>>
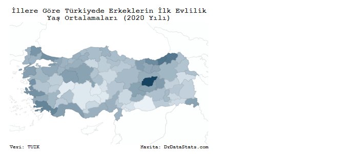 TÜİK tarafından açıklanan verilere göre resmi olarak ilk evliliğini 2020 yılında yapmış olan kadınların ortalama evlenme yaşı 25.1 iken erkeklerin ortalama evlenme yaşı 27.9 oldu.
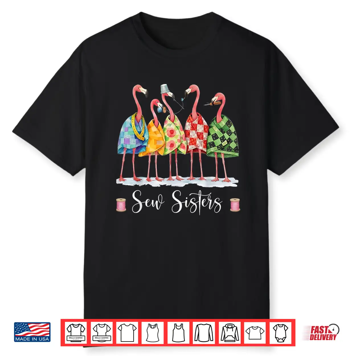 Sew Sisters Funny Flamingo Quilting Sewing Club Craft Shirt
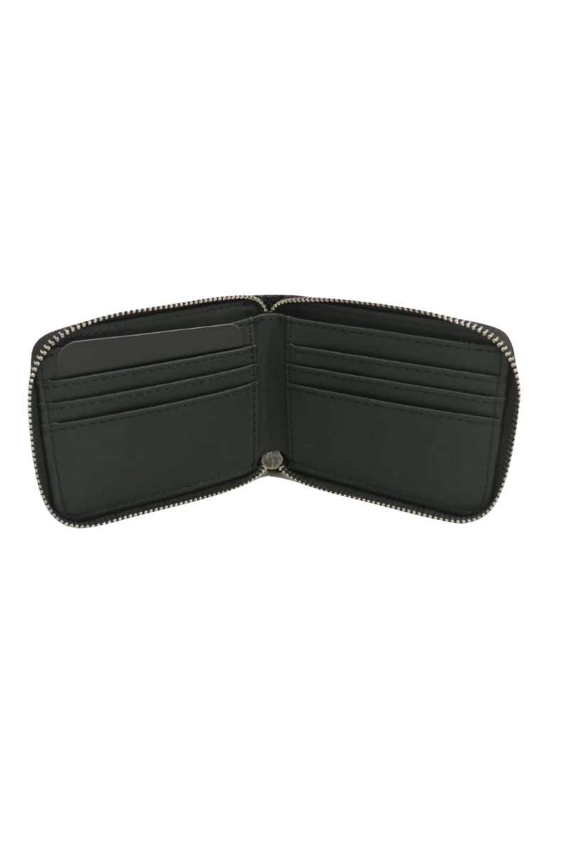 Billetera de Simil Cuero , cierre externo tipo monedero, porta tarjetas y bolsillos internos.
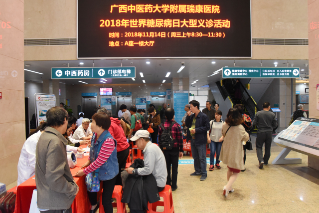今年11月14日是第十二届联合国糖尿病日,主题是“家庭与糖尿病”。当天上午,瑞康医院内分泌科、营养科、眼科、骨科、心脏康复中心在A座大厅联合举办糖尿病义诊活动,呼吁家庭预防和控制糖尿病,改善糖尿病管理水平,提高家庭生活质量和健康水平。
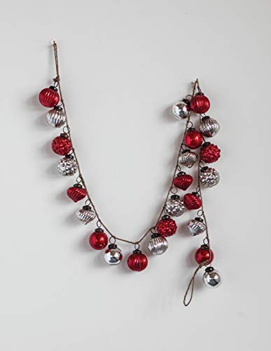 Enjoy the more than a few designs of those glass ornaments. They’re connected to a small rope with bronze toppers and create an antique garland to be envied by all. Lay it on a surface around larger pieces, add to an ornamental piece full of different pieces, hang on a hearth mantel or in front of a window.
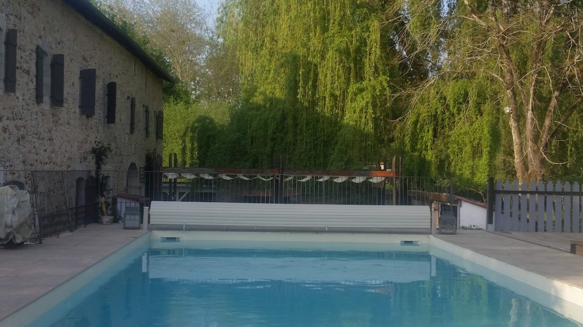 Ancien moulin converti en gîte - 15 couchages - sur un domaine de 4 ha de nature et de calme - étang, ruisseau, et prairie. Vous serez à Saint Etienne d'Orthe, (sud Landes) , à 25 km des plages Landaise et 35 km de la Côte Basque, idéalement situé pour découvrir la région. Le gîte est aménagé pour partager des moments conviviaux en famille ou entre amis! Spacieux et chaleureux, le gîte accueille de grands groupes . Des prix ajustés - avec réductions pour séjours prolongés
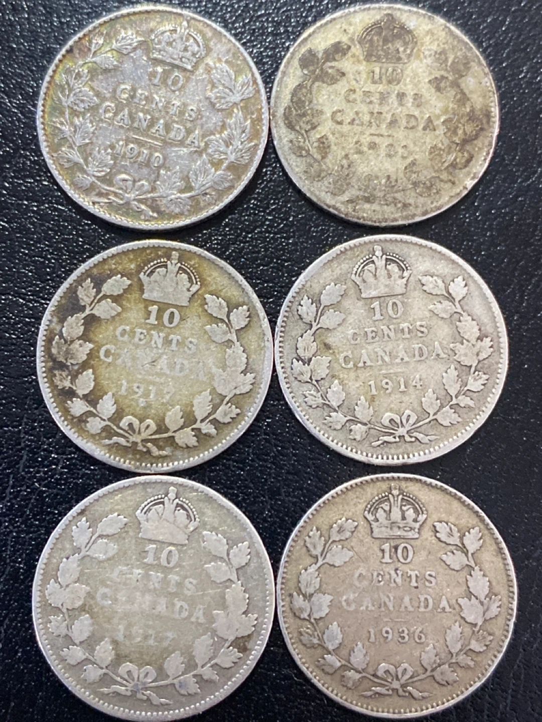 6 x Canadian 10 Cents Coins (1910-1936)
<<
>>
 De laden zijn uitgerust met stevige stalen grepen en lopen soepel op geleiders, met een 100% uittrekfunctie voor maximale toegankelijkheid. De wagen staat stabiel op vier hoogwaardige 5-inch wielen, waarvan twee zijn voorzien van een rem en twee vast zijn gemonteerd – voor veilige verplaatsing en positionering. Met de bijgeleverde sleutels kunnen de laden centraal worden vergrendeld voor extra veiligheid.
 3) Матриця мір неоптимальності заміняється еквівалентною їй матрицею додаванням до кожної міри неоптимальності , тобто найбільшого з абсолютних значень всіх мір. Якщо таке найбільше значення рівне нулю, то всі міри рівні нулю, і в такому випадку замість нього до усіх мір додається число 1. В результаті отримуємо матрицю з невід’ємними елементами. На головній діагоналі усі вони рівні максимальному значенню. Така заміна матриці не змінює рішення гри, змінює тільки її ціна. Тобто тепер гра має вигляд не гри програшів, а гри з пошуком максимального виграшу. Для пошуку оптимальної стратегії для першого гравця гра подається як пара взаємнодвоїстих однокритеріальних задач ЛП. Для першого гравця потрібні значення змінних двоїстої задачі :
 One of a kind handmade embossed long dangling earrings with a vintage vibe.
<<
§ What you have to do
Work from the entries above. Set down exactly and only the lines from the line with "今年11月14日是第十二届联" to the line with "Enjoy the more", both included, and leave the pictures out.

§ Response for this exercise
今年11月14日是第十二届联合国糖尿病日,主题是“家庭与糖尿病”。当天上午,瑞康医院内分泌科、营养科、眼科、骨科、心脏康复中心在A座大厅联合举办糖尿病义诊活动,呼吁家庭预防和控制糖尿病,改善糖尿病管理水平,提高家庭生活质量和健康水平。
 Enjoy the more than a few designs of those glass ornaments. They’re connected to a small rope with bronze toppers and create an antique garland to be envied by all. Lay it on a surface around larger pieces, add to an ornamental piece full of different pieces, hang on a hearth mantel or in front of a window.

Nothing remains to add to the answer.